The bacterial pathogen group A Streptococcus (GAS; Streptococcus pyogenes) causes over 700 million cases of superficial infections such as pharyngitis and impetigo each year. GAS can also cause severe diseases such as invasive infections, toxic shock, rheumatic heart disease and streptococcal glomerulonephritis, resulting in >500,000 deaths per annum3,12. Scarlet fever is thought to occur following pharyngeal infection by GAS strains that secrete superantigens and symptoms include a finely papular deep red rash, “strawberry tongue” and exudative pharyngitis13. While a major cause of childhood morbidity and mortality in the 19th and early 20th centuries, scarlet fever has been in decline as a public health threat for over 100 years3,14. Beginning in 2011, outbreaks of scarlet fever occurred in mainland China8 and Hong Kong9,10, which are ongoing (Supplementary Fig. 1).

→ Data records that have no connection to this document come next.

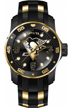 Band For Invicta NHL 42322, Band Material Silicone, Stainless Steel, Band Color Black, Gold, Band Width 26 mm, Band Length 210 mm, Buckle Type Buckle, Clasp Type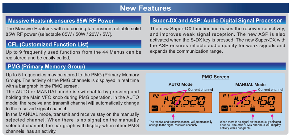 Se pueden asignar hasta 5 frecuencias VFO o de canal de memoria al PMG (Grupo de memoria primaria).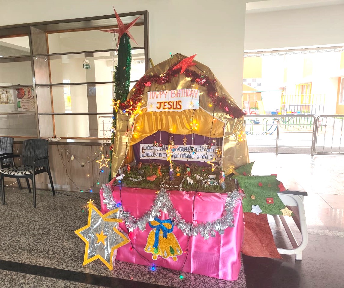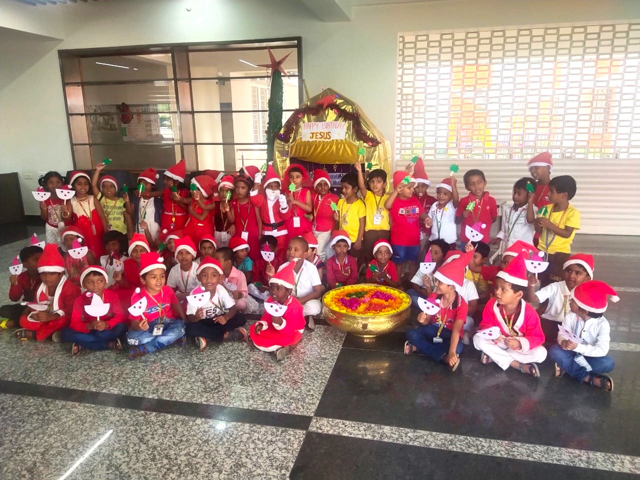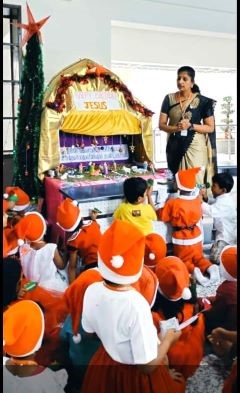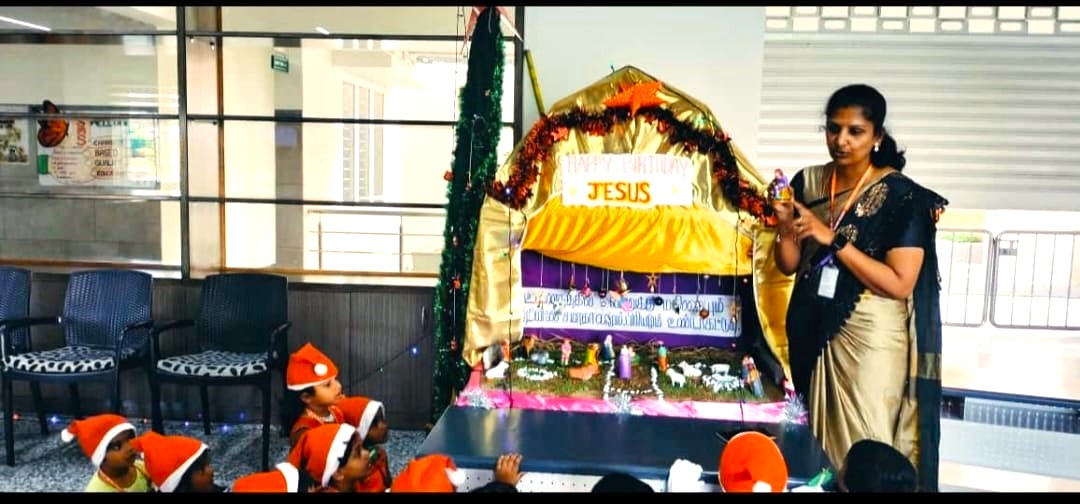 The kindergarten students at SMS, Krishnagiri enjoyed a festive Christmas celebration filled with joy. The festivities began with the children singing "Jingle Bells," followed by a captivating storytelling session about the birth of Jesus Christ, led by the Academic Coordinator.

Molecular emm-typing determined the most common cause of scarlet fever as emm12 (serotype M12) GAS8,9,10. Genomic analysis of 144 emm12 isolates revealed the multiclonality of outbreak strains and the association of these strains with the acquisition of integrative and conjugative elements (ICE) encoding resistance to tetracycline, erythromycin and clindamycin and bacteriophage encoding superantigens SSA and SpeC11. Molecular type emm1 GAS (serotype M1) was identified as the next most common cause of scarlet fever in mainland China and Hong Kong8,9. Worldwide, the most frequently isolated GAS strain from severe invasive infections is the M1T1 clone15. The M1T1 clone is molecularly typed as emm1 and has horizontally acquired a 36 kb emm12 chromosomal region encoding toxins NAD-glycohydrolase and streptolysin O and bacteriophage encoding virulence determinants DNase (Sda1/SdaD2) and the SpeA2 superantigen1,2,5,15. The bacteriophage-encoded DNase Sda1 contributes to increased virulence6 and superantigen SpeA has been recently demonstrated to enhance colonization7. The association of emm1 GAS strains with scarlet fever in mainland China and Hong Kong led us to investigate the penetrance of horizontally acquired scarlet fever-associated bacteriophage and ICE elements into the emm1 genomic background.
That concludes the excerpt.